A morte de Elizeu Ventania

Internado no Hospital Tancredo Neves, repentista sofreu parada cardiorrespiratória às 11h30

Por William Robson

O cantador Elizeu Ventania morreu teve fim de vida em condições precárias, praticamente abandonado pelo meio (Foto: reprodução)

O violeiro Elizeu Ventania morreu teve fim de vida em condições precárias, praticamente abandonado pelo meio (Foto: reprodução)

O violeiro Elizeu Elias da Silva, o Elizeu Ventania, 74, morreu ontem às 11h30 no Hospital Regional Tancredo Neves. Segundo o atestado de óbito, o artista sofreu uma parada cardiorrespiratória. Elizeu há um mês se internou no hospital por causa de deficiência pulmonar obstrutiva crônica ­­– um problema que atinge principalmente as pessoas que fumam.

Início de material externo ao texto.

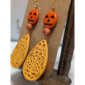 Orange Jack-O'-Lantern and Yellow Wood Filigree Earrings
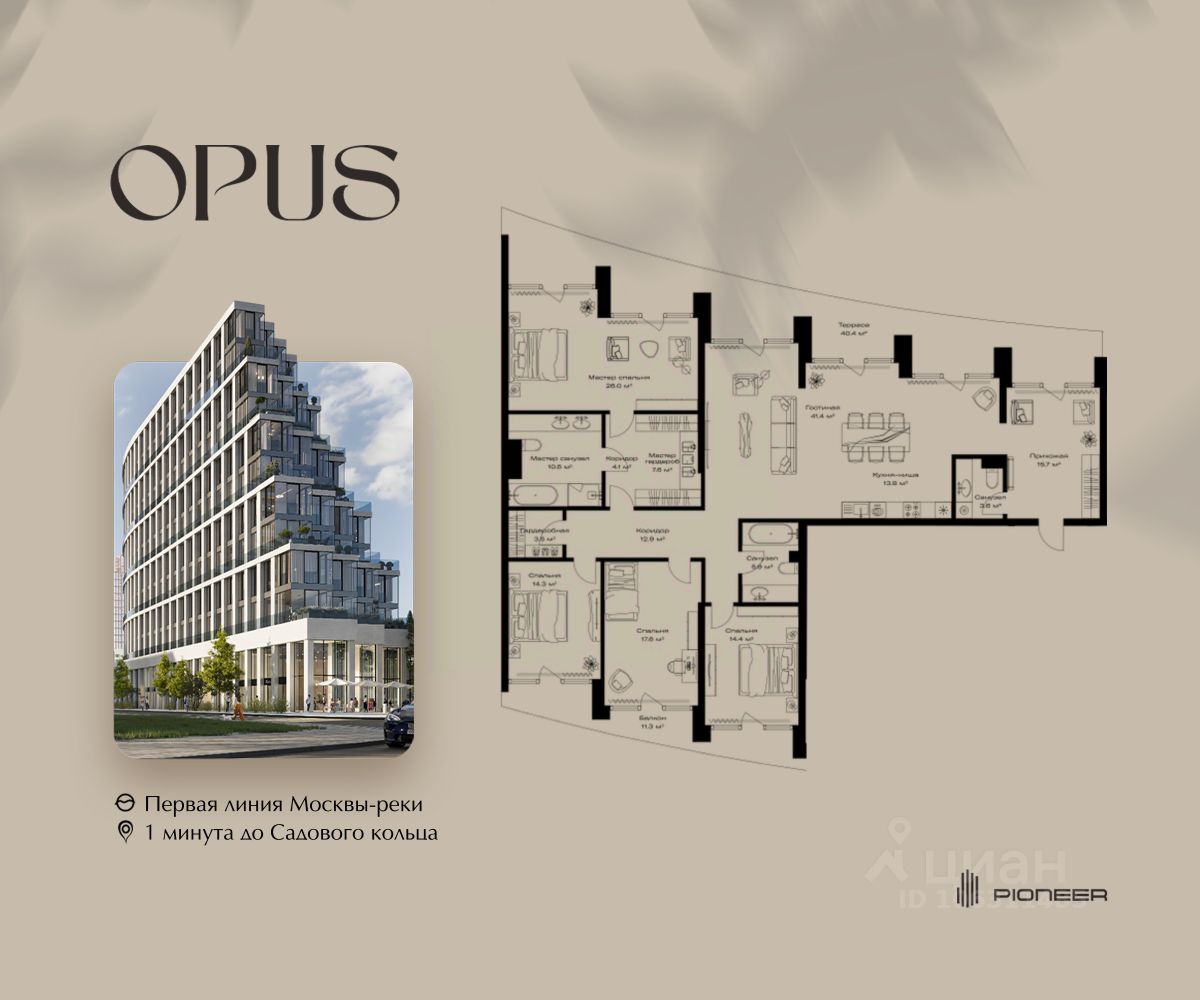 Прямая продажа от застройщика! Продаётся 4-к квартира общей площадью 206.8 кв. м. на 9-м этаже 11 этажного дома. Клубный дом OPUS - современный шедевр архитектуры от компании PIONEER, трансформирующий пространство, меняющий привычный ход вещей. Близость Москвы-реки определила его исключительную форму, вдохновлённую стихией воды. Уникальный и единственный в своём роде OPUS создаёт ощущение преображения, деликатно взаимодействуя с городской тканью. Продуманная территория с парковой атмосферой позволяет находиться в уединении в самом центре города, именно эти исключительные характеристики делают OPUS особенным. Площадь однокомнатной квартиры здесь превышает 50 квадратных метров, а отдельные трёхкомнатные решения восхищают 266-метровым простором и видами на реку. Уникальные квартиры с 8 балконами на разные стороны света, не менее эффектные решения - кабинеты и гардеробные с отдельными балконами, а ванные комнаты с панорамными окнами и собственным балконом. OPUS располагается в историческом месте с видом на Крутицкое подворье и Симоновский вал. Совсем рядом легендарное Замоскворечье - район, сохранивший камерную атмосферу старой Москвы. Локация уникальна также тем, что новые современные объекты будут соседствовать здесь с культовыми объектами культурного и исторического наследия города. За 22 года на рынке недвижимости компания PIONEER реализовала более 30 проектов. Сегодня PIONEER - девелопер премиальной недвижимости с 4 проектами класса премиум и deluxe. Продажа от застройщика. Покупка доступна в рассрочку и ипотеку. Звоните, и мы с удовольствием расскажем все подробности о проекте и условиях покупки.

A mulher de Elizeu, Benedita Neuma de Sena, muito abalada, disse que Elizeu era um fumante inveterado, mas que havia largado o fumo há alguns meses por recomendação médica. O corpo do mais conhecido repentista mossoroense ficou no velório do hospital até às 15h, quando foi transferido para a casa de seus filhos na Avenida Alberto Maranhão, bairro Bom Jardim, onde está sendo velado.

A previsão é de sepultamento por volta das 10h de hoje, no Cemitério São Sebastião.

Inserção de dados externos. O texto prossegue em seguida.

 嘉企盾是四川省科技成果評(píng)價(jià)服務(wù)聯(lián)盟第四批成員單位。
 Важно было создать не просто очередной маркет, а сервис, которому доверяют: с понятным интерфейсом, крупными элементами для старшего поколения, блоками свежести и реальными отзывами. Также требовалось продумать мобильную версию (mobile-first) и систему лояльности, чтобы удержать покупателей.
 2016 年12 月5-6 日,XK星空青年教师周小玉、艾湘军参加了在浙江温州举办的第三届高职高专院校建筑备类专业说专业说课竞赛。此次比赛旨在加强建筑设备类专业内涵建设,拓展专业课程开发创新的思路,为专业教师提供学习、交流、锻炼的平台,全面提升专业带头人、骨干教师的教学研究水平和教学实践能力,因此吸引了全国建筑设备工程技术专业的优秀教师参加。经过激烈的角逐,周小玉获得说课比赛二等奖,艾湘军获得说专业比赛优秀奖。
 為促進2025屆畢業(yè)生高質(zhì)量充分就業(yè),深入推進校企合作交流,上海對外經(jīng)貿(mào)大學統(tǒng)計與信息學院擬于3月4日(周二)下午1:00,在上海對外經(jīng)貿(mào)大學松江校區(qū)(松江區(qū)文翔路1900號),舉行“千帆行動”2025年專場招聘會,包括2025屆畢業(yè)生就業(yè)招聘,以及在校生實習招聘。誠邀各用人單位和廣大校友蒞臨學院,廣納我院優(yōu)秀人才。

Elizeu Ventania sentiu cansaço na noite do dia 6 de setembro e foi levado para o Hospital Tancredo Neves. Como seu quadro clínico se agravava, teve de ficar sob cuidados constantes na Unidade de Tratamento Intensivo (UTI). Em entrevista à GAZETA, o médico Palmério Rabelo havia explicado que o caso de Elizeu era complicado. “Ele pode ter uma melhora agora, mas pode piorar imediatamente. Por isso, dele ficar na UTI”, disse.

O violeiro ficou durante uma semana no hospital. “Ele foi para casa, mas teve de voltar para o hospital com pouco tempo depois”, disse Benedita de Sena. Elizeu voltou a apresentar deficiência respiratória. Segundo o atestado de óbito, a parada cardio-respiratória foi provocada por enfisema pulmonar. Da segunda vez, o músico estava no hospital desde o dia 4.

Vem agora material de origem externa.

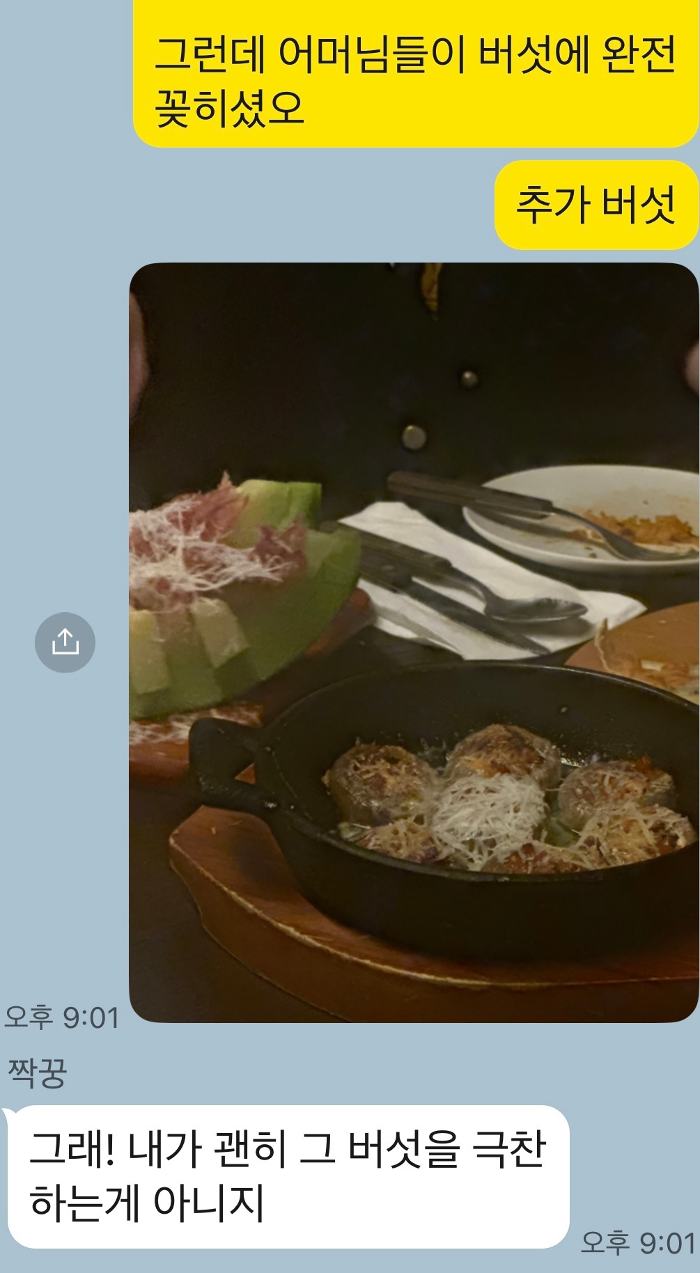 이집 남편분이 같이들 드시라고 와인을 챙겨보내주셨다. 부부가 데이트도 자주 하고 우리들 술자리에 종종 나타나 계산하신 뒤 아내를 에스코트해 귀가하시곤 하던 분이다. 넷이 와인 두병은 조금 모자랐고 버섯안주로만은 부족했다. 멤버가 다르니 당연한 것이다. 하지만 이들 역시 버섯을 최고로 여겨 버섯 추가주문을 하기 시작했다.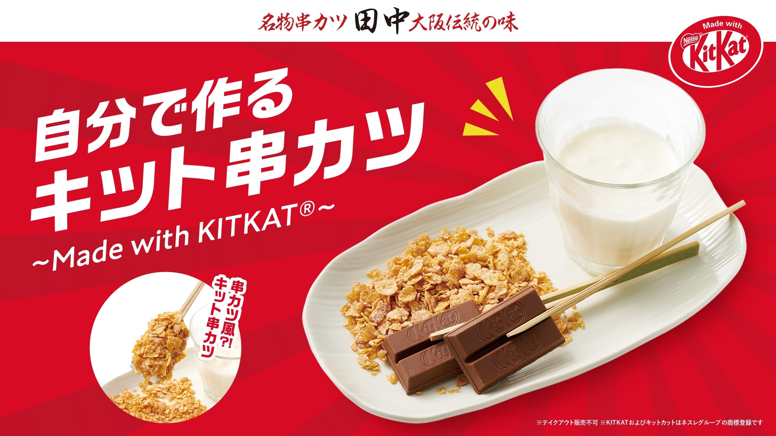 期間中は「キットカット」を揚げた「キット串カツ~Made with KITKAT®~」をはじめとしたコラボ商品や、ノベルティが当たるSNSキャンペーンなど様々な施策をおこないます。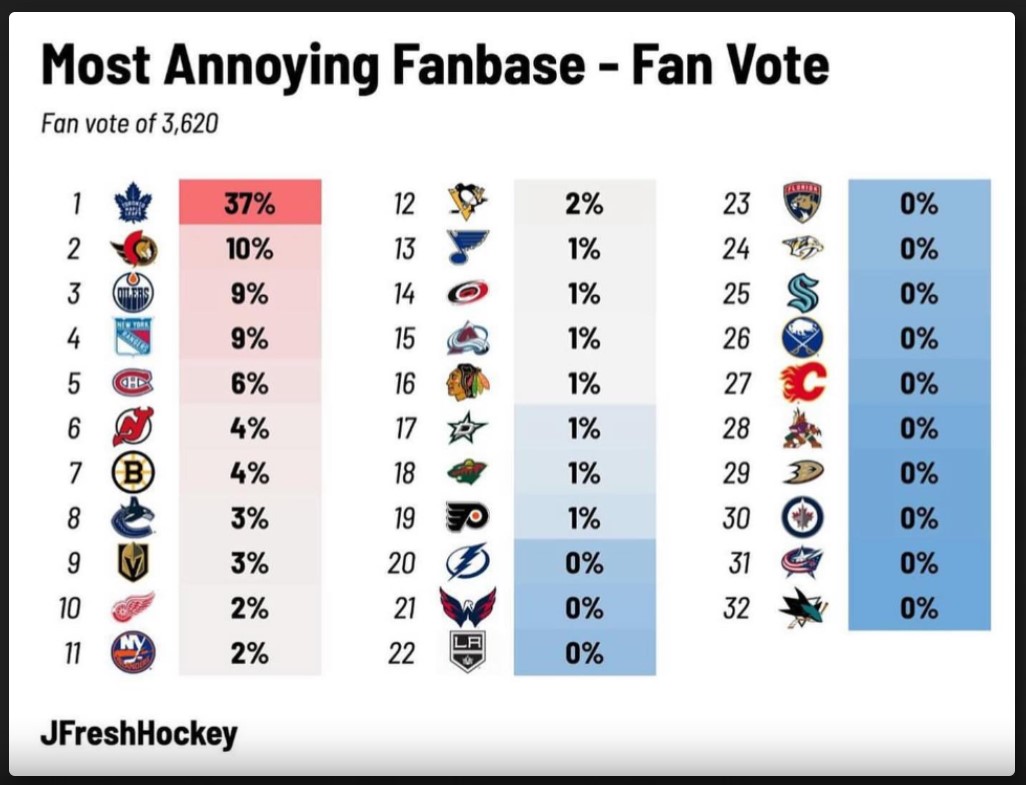 Here are the three most common fanbases picked as most annoying for each fanbase. The most common combinations were: Habs fans disliking Leafs fans Canucks…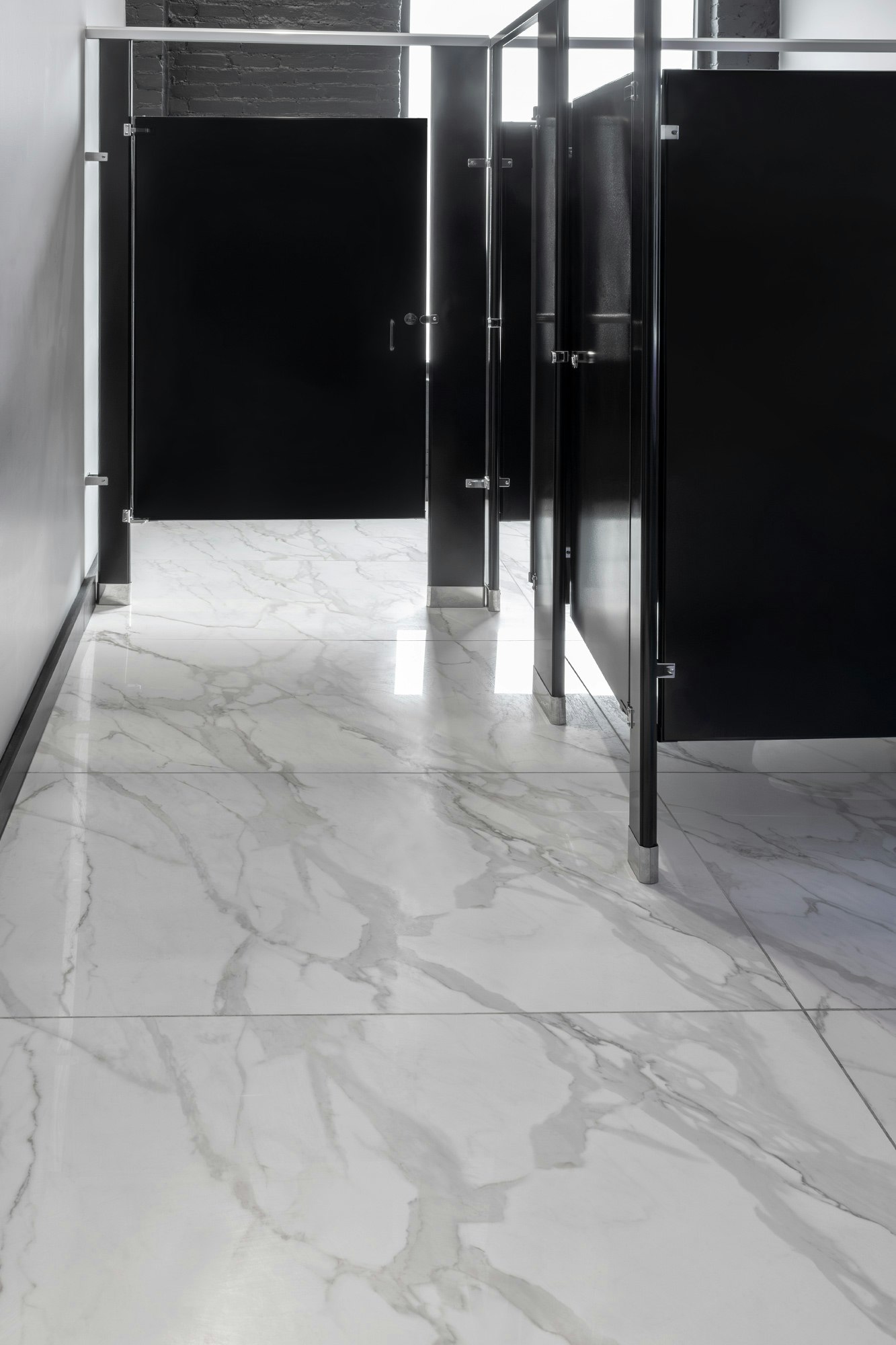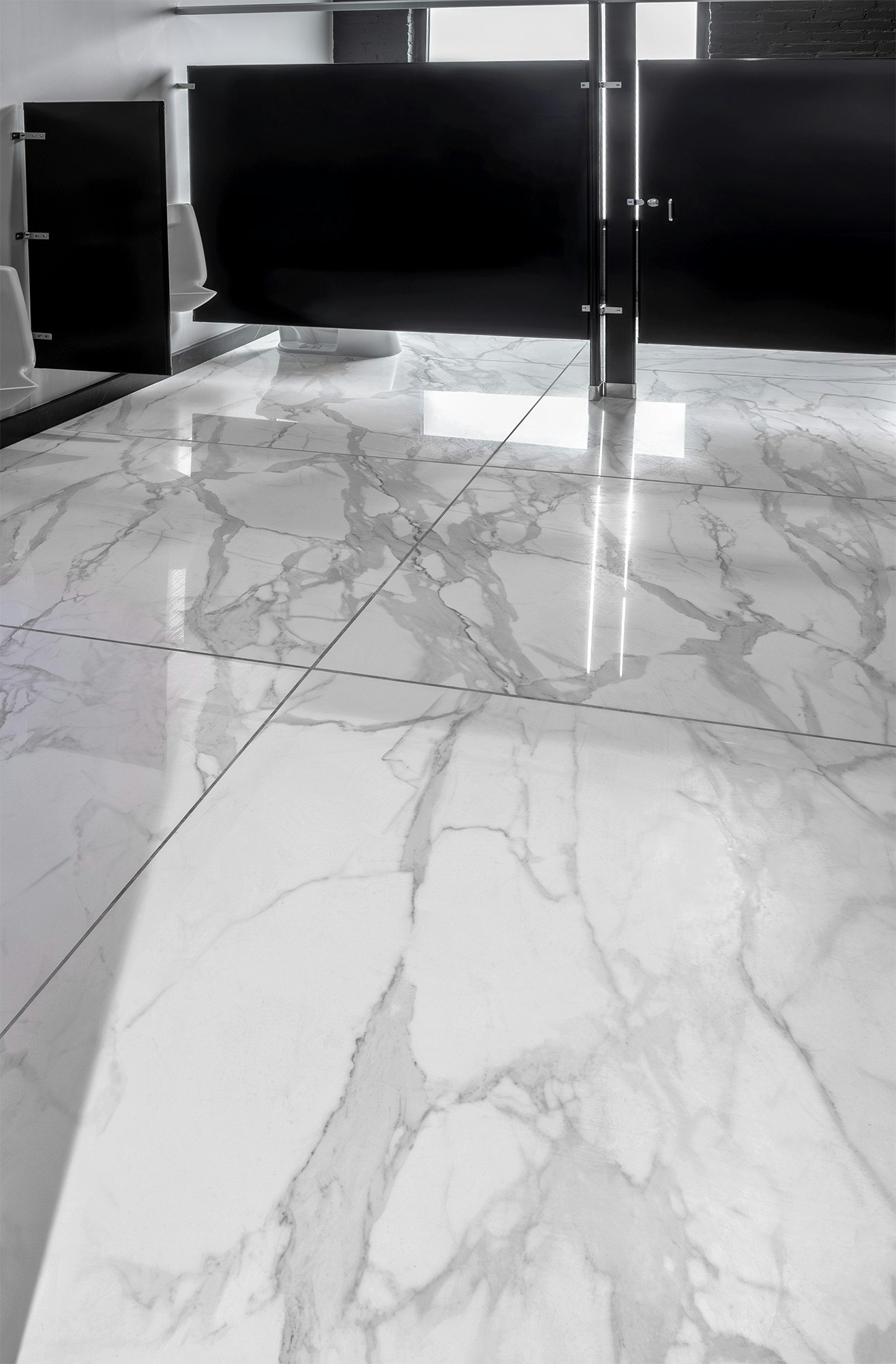 Dekton Kelya can be seen on the wall holding the establishment’s logo and adjacent to a magnolia tree. For some contrast, Dekton Lucid was specified on the bathroom flooring and countertops. Lucid is characterized by its thick gray veinings on white canvas, reminiscent of the world’s most iconic marbles.

Amigos e admiradores de Ventania ainda organizaram um evento para angariar fundos para o tratamento, bem como cestas básicas, já que, apesar do seu talento, era pobre e vivia somente de uma aposentadoria de R$ 130,00.

Sem reconhecimento

“Tenho vontade de mostrar minhas músicas novas em público, mas falta oportunidade”. Na entrevista que deu à GAZETA  no dia 19 de julho, Elizeu Ventania estava disposto a dar uma reviravolta em sua carreira. Decepcionado pela falta de reconhecimento por tudo que tinha feito pela cantoria em Mossoró, e por estar cego, Elizeu também mostrava-se revoltado com as brigas envolvendo repentistas mossoroenses.

LP de Elizeu, com apoio do Café Kimimo (Foto: Reprodução)

LP de Elizeu, com apoio do Café Kimimo (Foto: Reprodução)

Atualmente, o repente mossoroense é dividido em dois: o movimento encabeçado pelo presidente da Casa do Cantador, Luiz Antônio, e outra vertente mais moderna liderada pelo professor Aldacir de França. Elizeu achava-se excluído e ultrapassado, sem chance de mostrar o seu trabalho.

“O congresso de repentistas (organizado pela Casa do Cantador) só se preocupa em mostrar os violeiros atuais e esquece os antigos”, disse Elizeu, revoltado, na edição de julho. Esse congresso, considerado o evento mais importante da cantoria em Mossoró, reúne anualmente várias duplas de violeiros do Rio Grande do Norte e de outros Estados.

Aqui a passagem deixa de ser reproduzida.